Required from the data below: the exact lines starting at the line containing "Place de la Concorde is" and ending at the line containing "Disponible dans toutes", with both ends kept and all pictures dropped.

(STORED DATA begins)

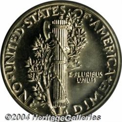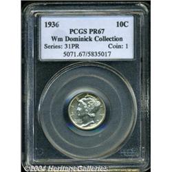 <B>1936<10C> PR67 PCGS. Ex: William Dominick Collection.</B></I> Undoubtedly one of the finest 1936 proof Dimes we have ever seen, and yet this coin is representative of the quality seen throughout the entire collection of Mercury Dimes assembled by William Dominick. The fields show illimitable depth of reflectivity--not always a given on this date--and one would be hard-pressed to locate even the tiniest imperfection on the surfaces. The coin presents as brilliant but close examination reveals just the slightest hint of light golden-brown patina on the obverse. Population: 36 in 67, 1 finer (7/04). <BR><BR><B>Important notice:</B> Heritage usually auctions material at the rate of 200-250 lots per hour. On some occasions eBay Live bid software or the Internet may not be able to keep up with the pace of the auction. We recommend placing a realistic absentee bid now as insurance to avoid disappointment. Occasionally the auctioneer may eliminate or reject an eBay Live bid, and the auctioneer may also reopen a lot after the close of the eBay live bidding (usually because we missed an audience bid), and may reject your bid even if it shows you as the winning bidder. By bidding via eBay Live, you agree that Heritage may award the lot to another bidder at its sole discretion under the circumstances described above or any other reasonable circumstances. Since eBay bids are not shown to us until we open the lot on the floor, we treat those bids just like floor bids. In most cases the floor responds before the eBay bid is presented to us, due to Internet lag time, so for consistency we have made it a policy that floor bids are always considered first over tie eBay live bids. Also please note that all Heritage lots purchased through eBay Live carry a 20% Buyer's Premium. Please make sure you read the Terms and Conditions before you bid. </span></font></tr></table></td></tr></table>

(STORED DATA ends)
(STORED DATA begins)

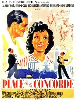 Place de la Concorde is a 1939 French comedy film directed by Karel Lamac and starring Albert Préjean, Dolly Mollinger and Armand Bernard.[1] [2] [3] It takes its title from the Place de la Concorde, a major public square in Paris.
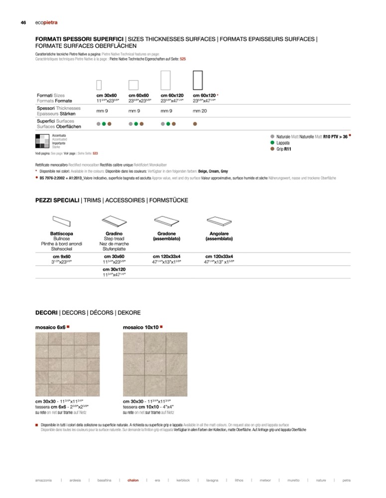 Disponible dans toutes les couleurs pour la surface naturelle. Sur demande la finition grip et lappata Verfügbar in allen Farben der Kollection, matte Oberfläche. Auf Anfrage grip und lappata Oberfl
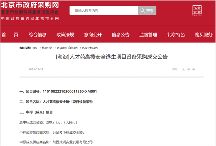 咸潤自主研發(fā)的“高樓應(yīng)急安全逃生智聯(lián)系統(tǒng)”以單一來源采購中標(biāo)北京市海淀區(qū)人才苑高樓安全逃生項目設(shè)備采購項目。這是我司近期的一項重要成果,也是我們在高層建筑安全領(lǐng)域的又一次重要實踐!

(STORED DATA ends)
(STORED DATA begins)

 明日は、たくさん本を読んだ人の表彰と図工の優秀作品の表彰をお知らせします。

(STORED DATA ends)

**REPLY:**
 Place de la Concorde is a 1939 French comedy film directed by Karel Lamac and starring Albert Préjean, Dolly Mollinger and Armand Bernard.[1] [2] [3] It takes its title from the Place de la Concorde, a major public square in Paris.
 Disponible dans toutes les couleurs pour la surface naturelle. Sur demande la finition grip et lappata Verfügbar in allen Farben der Kollection, matte Oberfläche. Auf Anfrage grip und lappata Oberfl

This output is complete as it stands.